Motor Ducati warna merah itu diparkirkan oleh Ival di pinggir jalan— di dekat taman komplek perumahan elit— dimana Aeri dan kedua orang tuanya tinggl. Sedangkan Ival dan Aeri sudah duduk di atas rerumputan, menghadap ke sebuah kolam besar berbentuk lingkaran yang terdapat air mancur ditengah-tengah nya.
Ival dan Aeri sengaja berhenti di taman itu untuk sekedar menenangkan diri setelah lolos dari kejaran orang-orang yang akan melukai mereka.
Menggunakan telapak tangan kiri Aeri menggenggam pergelangan. "Aaaah... Heeest." Cowok itu meringis, wajahnya pucat dan berkerut melihat goresan luka di telapak tangannya. "Sakit banget anjing." Berulangkali ia meniup luka itu untuk menghilangkan rasa perih dan nyeri yang gabung menjadi satu. Namun upayanya sia-sia, rasa sakit itu tidak berkurang sedikitpun.
Di samping Aeri— Ival menelan ludah. Wajahnya terlihat kebingungan melihat telapak tangan cowok itu mulai memucat. Setelah sepersekian detik berpikir Ival kemudian melepaskan jaket dan meloloskan kaus berikut singlet yang ia kenakan— membuat dirinya bertelanjang dada. Sehingga nampak lah dengan jelas tubuh kuning langsat milik laki-laki itu.
Usia Ival yang masih belasan tahun membuat ia tidak mempunyai banyak otot pada tubuhnya. Namun, dadanya yang bidang, punggung dan lengannya yang kokoh— padat berisi, membuat laki-laki itu terlihat gagah. Walaupun tidak ada empat— apalagi enam kotak, menghias di perutnya, tapi tetap saja, laki-laki itu sangat seksi dengan bentuk perut yang rata dan terlihat keras. Lubang puser yang melingkar sempurna di tengah-tengah perut, membuat Ival terlihat semakin menggoda.
Laki-laki bertelanjang dada itu beranjak dari duduk dan berjalan menggunakan lutut— berhenti tepat di hadapan Aeri, lantas menjatuhkan pantatnya disana. Tanpa permisi Ival meraih tangan Aeri dan membuat si pemilik tangan tersentak kaget.

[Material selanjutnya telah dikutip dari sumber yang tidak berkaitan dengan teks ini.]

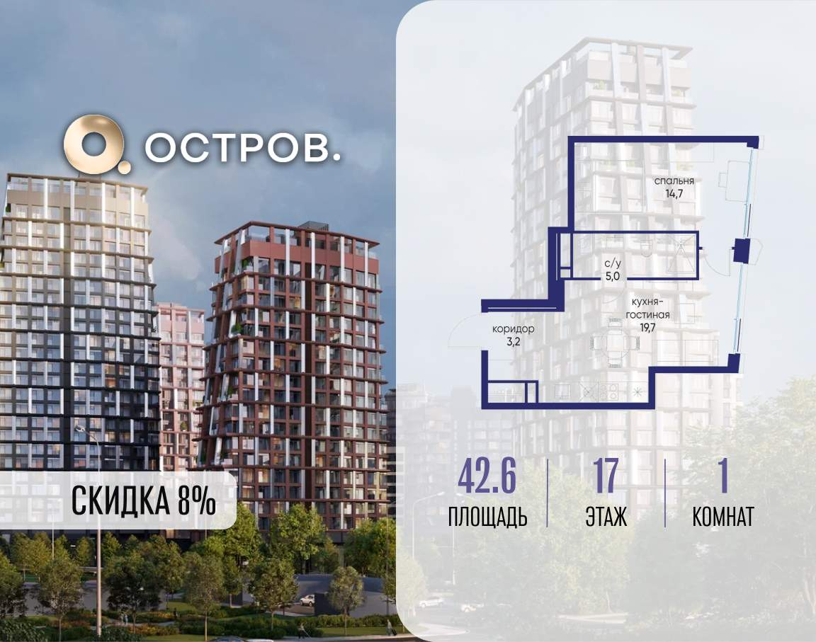 Продаётся 1-комн. квартира от застройщика: общая площадь 42.60 м, жилая 14.70 м, кухня 19.70 м, 17-й этаж, жилой квартал «Остров 14», корпус 6 (секция 1) . Срок сдачи: 2 квартал 2029 года.

Aeri mengerutkan kening menatap heran pada Ival. Bagaimana laki-laki itu sudah berada di hadapannya— bahkan dalam keadaan telanjang dada, Aeri tidak menyadarinya. Cowok itu terlalu fokus, menatap luka di telapak tangan dan juga menikmati rasa sakitnya. Sehingga ia sampai tidak sadar, kapan laki-laki itu melepas pakaian dan duduk di depannya.
Aeri terdiam menatap tangan Ival begitu pelan dan sabar membersihkan darah yang hampir mengering disekitar lukanya menggunakan singlet. Sesekali ia tersentak, meringis dan mengaduh, merasakan perih akibat kain singlet yang tidak sengaja bersentuhan dengan lukanya.
"Tolol," cetus Ival kemudian.
Kening Aeri berkerut. "Siapa yang tolol?" tanya cowok itu.
"Elu," sahut Ival tanpa mengalihkan perhatiannya dari telapak tangan yang sedang ia bersihkan. "Sok kuat."
"Sok kuat gimana? Gue udah nyelamatin elu."
Ival mendongak menatap Aeri juga sedang menatap dirinya. "Elu bisa kan, tarik tangan orang itu, atau dorong badannya mungkin. Enggak harus pegang pisaunya."
"Gue panik," protes Aeri. "Mana sempet gue mikir ke sana. Tolol. Lagian gue udah nolongin lu, bukannya makasih—" Aeri mendengkus. "Malah protes."
"Iya juga si, lu udah nyelamatin gue." Ival terdiam menatap telapak tangan Aeri— meski tidak terlalu bersih tapi darah di sekitar luka sudah sedikit berkurang. "Tangan lu jadi luka kayak gini, gara-gara gue."